À ces divergences internes se sont ajoutées les pressions venues de Washington, et plus particulièrement de Donald Trump, revenu à la présidence américaine. Celui-ci a intensifié ses critiques envers Bruxelles, accusant l’Union de financer indirectement la machine de guerre russe par ses importations de gaz et de pétrole, tout en exigeant que les Européens accélèrent leur rupture énergétique avec la Russie. Cette pression politique a contribué à durcir la position de Bruxelles, qui a ainsi décidé d’avancer à fin 2026 l’entrée en vigueur de son 19ᵉ paquet de sanctions, qui prévoit l’élimination complète des importations de gaz naturel liquéfié (GNL) russe, en dépit des négociations de certains États membres de vouloir retarder cette échéance à 2028.
« Notre objectif est d’accélérer l’élimination progressive du gaz naturel liquéfié russe d’ici au 1er janvier 2027″, a annoncé vendredi 19 septembre la cheffe de la diplomatie européenne Kaja Kallas. « Si vous laissez la Russie mener une guerre et tentez d’esquiver nos sanctions, vous en subirez les conséquences », a-t-elle ajouté sur un post X.
Si son commentaire vise essentiellement la Chine, l’UE maintient aussi la pression sur ses États membres, à savoir la Hongrie ou la Slovaquie, qui envisagent d’opposer à ce projet de sanctions, qui doit être approuvé à l’unanimité. Mais mercredi, Bratislava a rejeté ces pressions.
Bratislava dénonce une “hypocrisie”
“Nous n’avons pas d’autres options qui soient à la fois durables et financièrement supportables”, a expliqué à Reuters le ministre slovaque des Affaires étrangères, Juraj Blanar. “Diversifier demande du temps. C’est pourquoi nous appelons à un peu d’empathie”, a-t-il ajouté. Il affirme que son pays risquerait de perdre jusqu’à 10 milliards d’euros en rompant certains contrats courants jusqu’en 2034.

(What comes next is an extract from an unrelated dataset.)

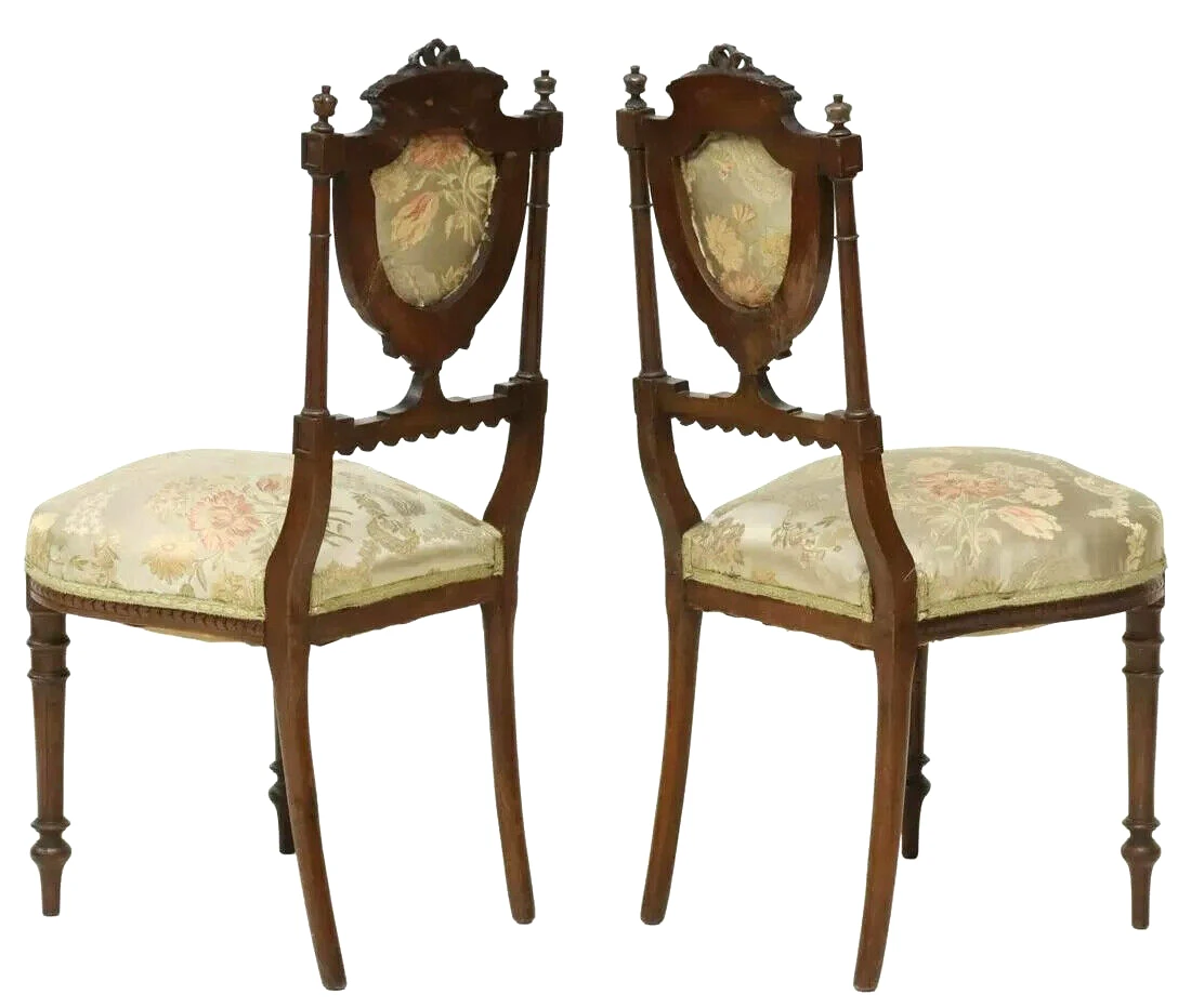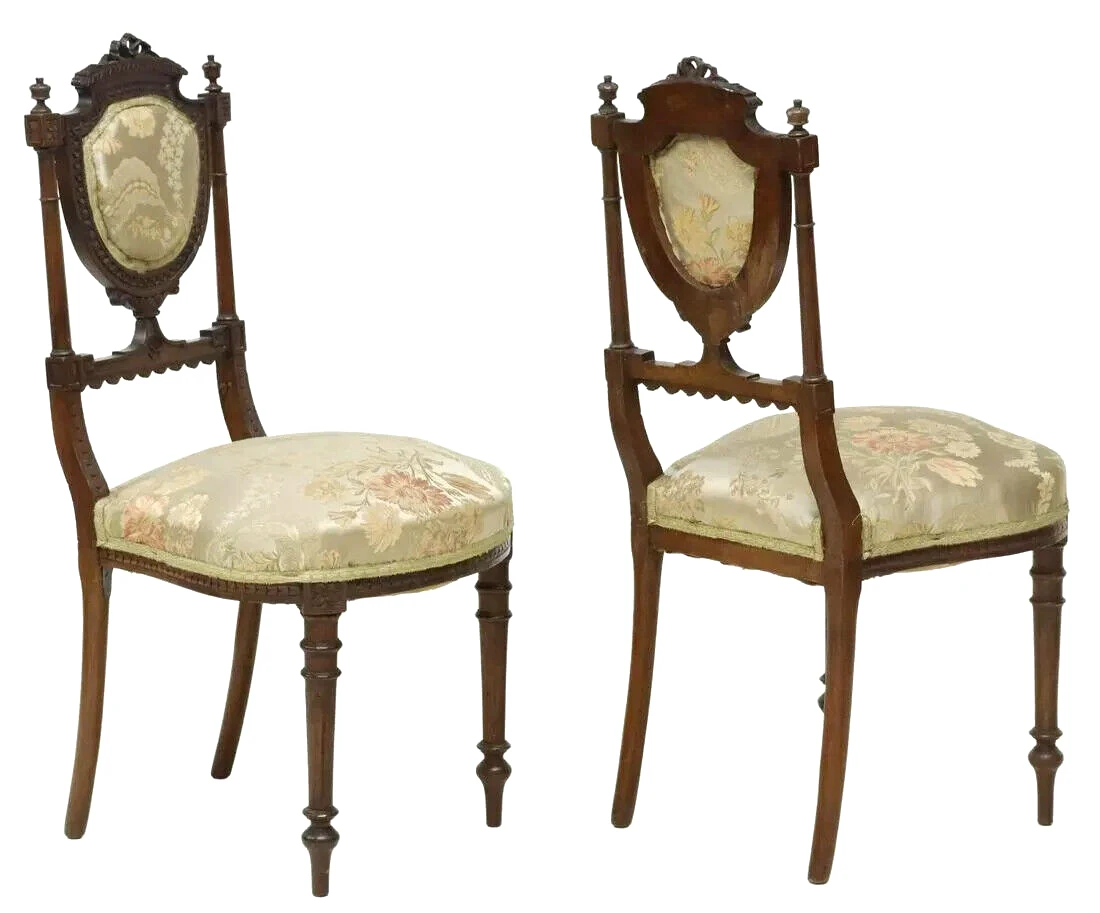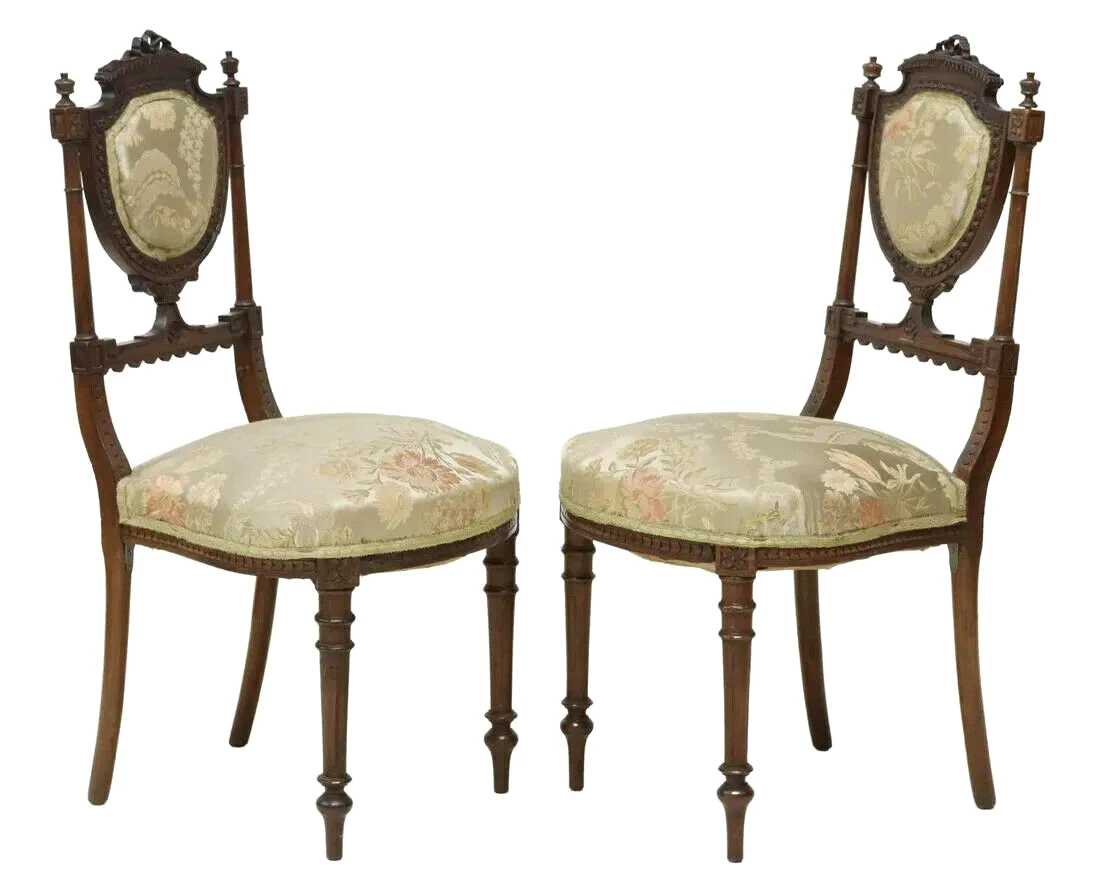 (lot of 6) French Louis XVI style side chairs, 19th c., carved ribbon crest, flanked by finials, over shield-form back, floral upholstery to back and seat, rising on tapered turned legs, approx 34.75″h, 16″w, 17.5″d, seat height: 17″h

Tout en suggérant des exemptions ou des compensations de la part de Bruxelles, il a critiqué “l’hypocrisie” de certains pays membres de l’UE, citant la France, l’Espagne ou encore les Pays-Bas. Si la part du gaz russe dans les importations de gaz de l’Union européenne est passée de 45 % en 2021 à 13 % aujourd’hui, la Russie occupe toujours une place centrale avec 20 % des importations de GNL de l’UE en 2024, soit 20 milliards de mètres cubes sur la centaine de milliards importés. “L’image est un peu plus nuancée que le simple noir et blanc”, fait remarquer Juraj Blanar.
Le ministre slovaque des AE, qui rejettent l’idée selon laquelle son pays et Budapest seraient les “brebis galeuses” de l’UE en raison de leurs liens avec Moscou, se montre d’autant plus opposé au 19e paquet de sanctions que celles-ci n’ont pas réussi à changer le cours de la guerre. Aucune solution militaire n’est possible selon lui, rappelant la nécessité de dialoguer avec la Russie, comme Donald Trump fait. “Toute modification forcée des frontières reconnues internationalement est inacceptable pour la Slovaquie. Nous disons depuis le début que cette guerre n’a pas de solution militaire. Il faut avancer par la diplomatie”, a-t-il insisté.